Exercise instructions
The entries below are to be repeated exactly, and their pictures left out.

Information given
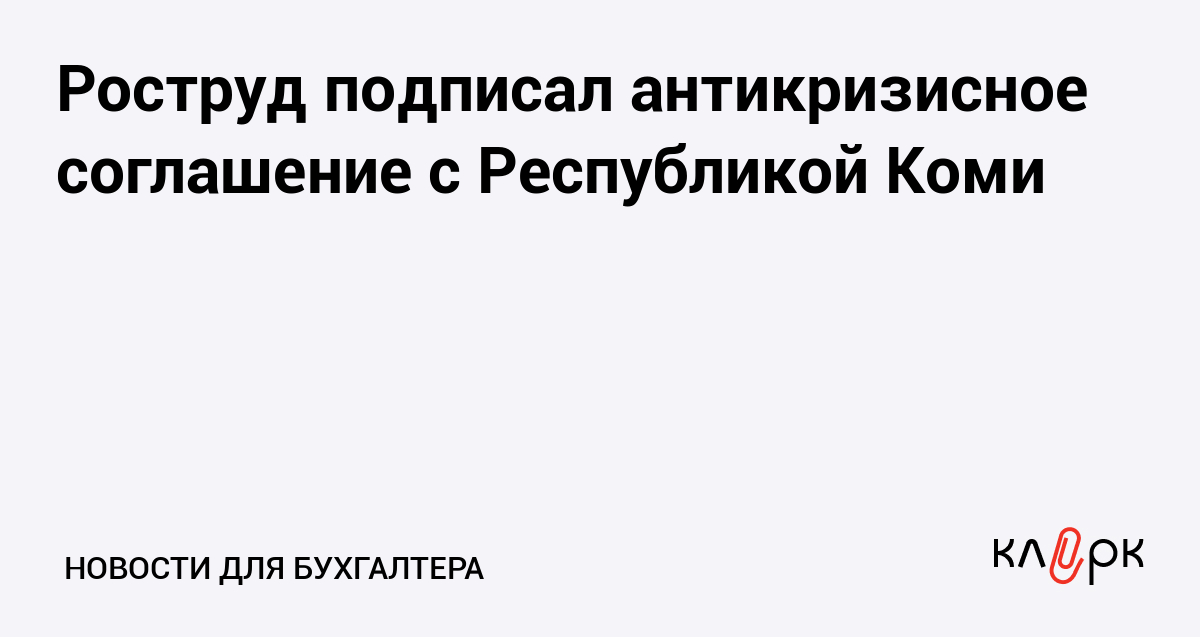 Роструд подписал антикризисное соглашение c Республикой Коми
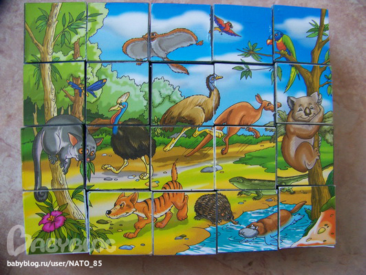 Откопали у себя в закромах набор кубиков с картинками-историями. Складывали Австралийскую часть и находили животных и придумывали рассказы о их жизни!
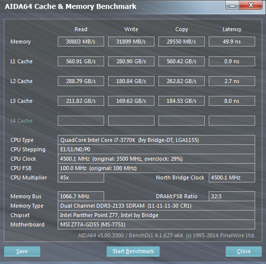 2400MHz mit CL10. 58000MB/s lesend.
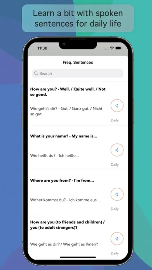 Frequently used sentences that work offline, with an included quick search, help you to navigate. Learn the most common sentences while staying and traveling in Germany because of included spoken sound files. Find sentences for Dinner or Business. Understand more of the spoken announcements at the railway station with this app. The most common announcements are in sound files audible.
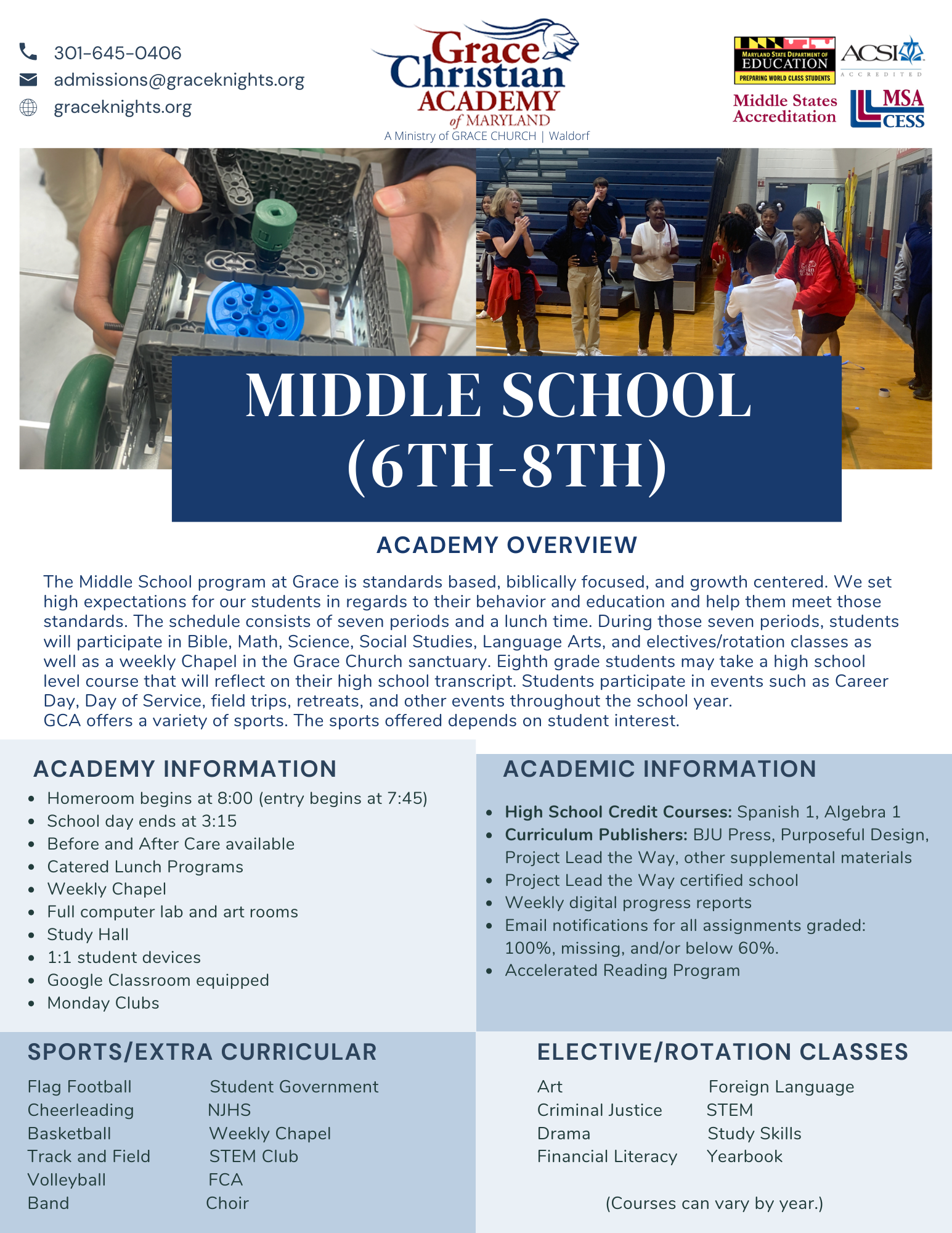 For more information about our Middle School Academy, please view our Parent/Student Manual
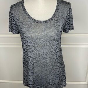 Beautiful sheer snakeskin pattern top. Black/gray. Sheer. 3/4 Zipper back. 50% poly 50% viscose.
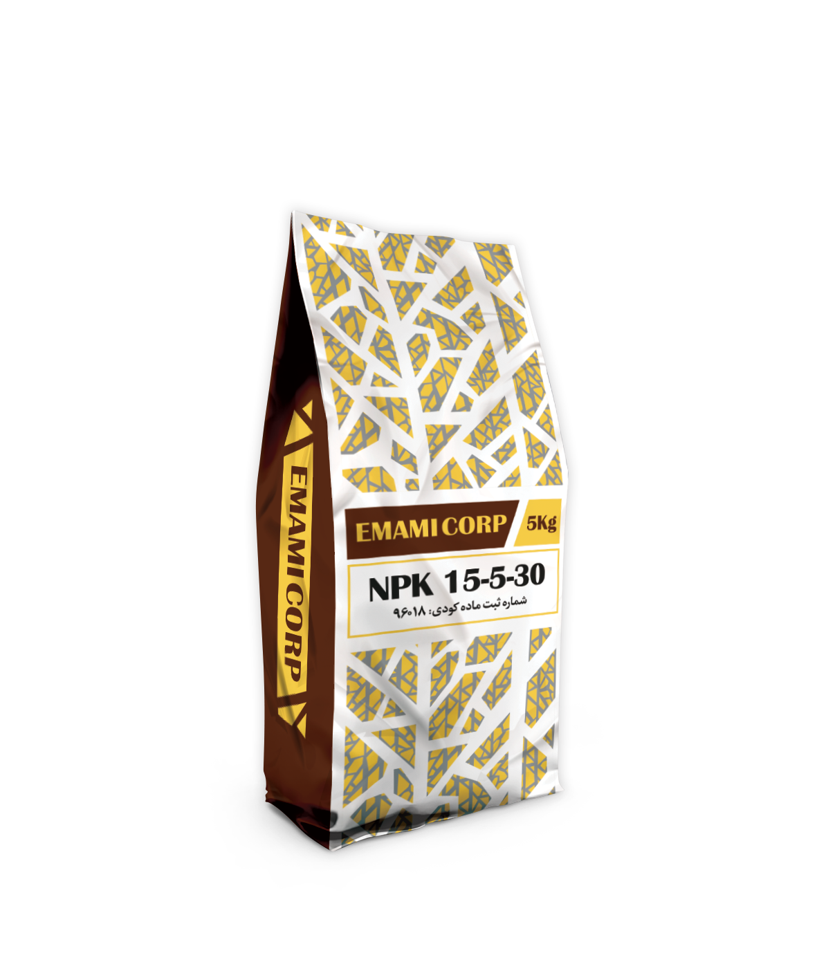 کود کامل NPK پتاسیم بالا اِن­ پی­ کا 30-5-15 با دارا بودن 15 درصد نیتروژن، 5 درصد فسفر و 30 درصد پتاسیم بهترین گزینه برای افزایش شاخص سطح برگ (LAI) و شاخص دوام برگ (LDI) در درختان مثمر، غیرمثمر و محصولات زراعی است و افزایش فتوسنتز و عملکرد را به همراه دارد. کاربرد 30-5-15 همچنین سرزندگی، شادابی و سبزینگی بالا در درختان را به همراه دارد.
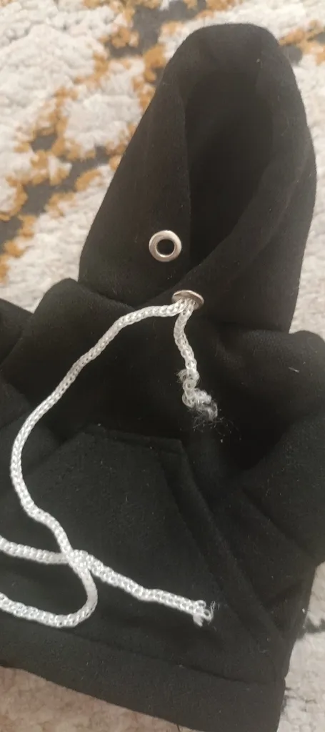 خریدار بدون نام : جنسی که برام ارسال شده شبیه عکس نیست اصلا....توی عکس گره های کلاه هودی سفید رنگ و زیبا و ضخیم عه ولی چیزی که برای من فرستادن یه نخ نازک مشکی بی کیفیته....توی توضیحات ش هم نوشته بودن که یه زنجیر همراهش هست که نفرستادن
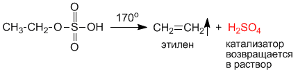Этилсерная кислота - не очень устойчивое соединение и при нагревании распадается на серную кислоту и этилен, который выделяется в виде газа. Таким образом, серная кислота вновь возвращается в реакцию и готова превратить в этилен новую порцию этанола:

Output of the task
 Роструд подписал антикризисное соглашение c Республикой Коми
 Откопали у себя в закромах набор кубиков с картинками-историями. Складывали Австралийскую часть и находили животных и придумывали рассказы о их жизни!
 2400MHz mit CL10. 58000MB/s lesend.
 Frequently used sentences that work offline, with an included quick search, help you to navigate. Learn the most common sentences while staying and traveling in Germany because of included spoken sound files. Find sentences for Dinner or Business. Understand more of the spoken announcements at the railway station with this app. The most common announcements are in sound files audible.
 For more information about our Middle School Academy, please view our Parent/Student Manual
 Beautiful sheer snakeskin pattern top. Black/gray. Sheer. 3/4 Zipper back. 50% poly 50% viscose.
 کود کامل NPK پتاسیم بالا اِن­ پی­ کا 30-5-15 با دارا بودن 15 درصد نیتروژن، 5 درصد فسفر و 30 درصد پتاسیم بهترین گزینه برای افزایش شاخص سطح برگ (LAI) و شاخص دوام برگ (LDI) در درختان مثمر، غیرمثمر و محصولات زراعی است و افزایش فتوسنتز و عملکرد را به همراه دارد. کاربرد 30-5-15 همچنین سرزندگی، شادابی و سبزینگی بالا در درختان را به همراه دارد.
 خریدار بدون نام : جنسی که برام ارسال شده شبیه عکس نیست اصلا....توی عکس گره های کلاه هودی سفید رنگ و زیبا و ضخیم عه ولی چیزی که برای من فرستادن یه نخ نازک مشکی بی کیفیته....توی توضیحات ش هم نوشته بودن که یه زنجیر همراهش هست که نفرستادن
Этилсерная кислота - не очень устойчивое соединение и при нагревании распадается на серную кислоту и этилен, который выделяется в виде газа. Таким образом, серная кислота вновь возвращается в реакцию и готова превратить в этилен новую порцию этанола:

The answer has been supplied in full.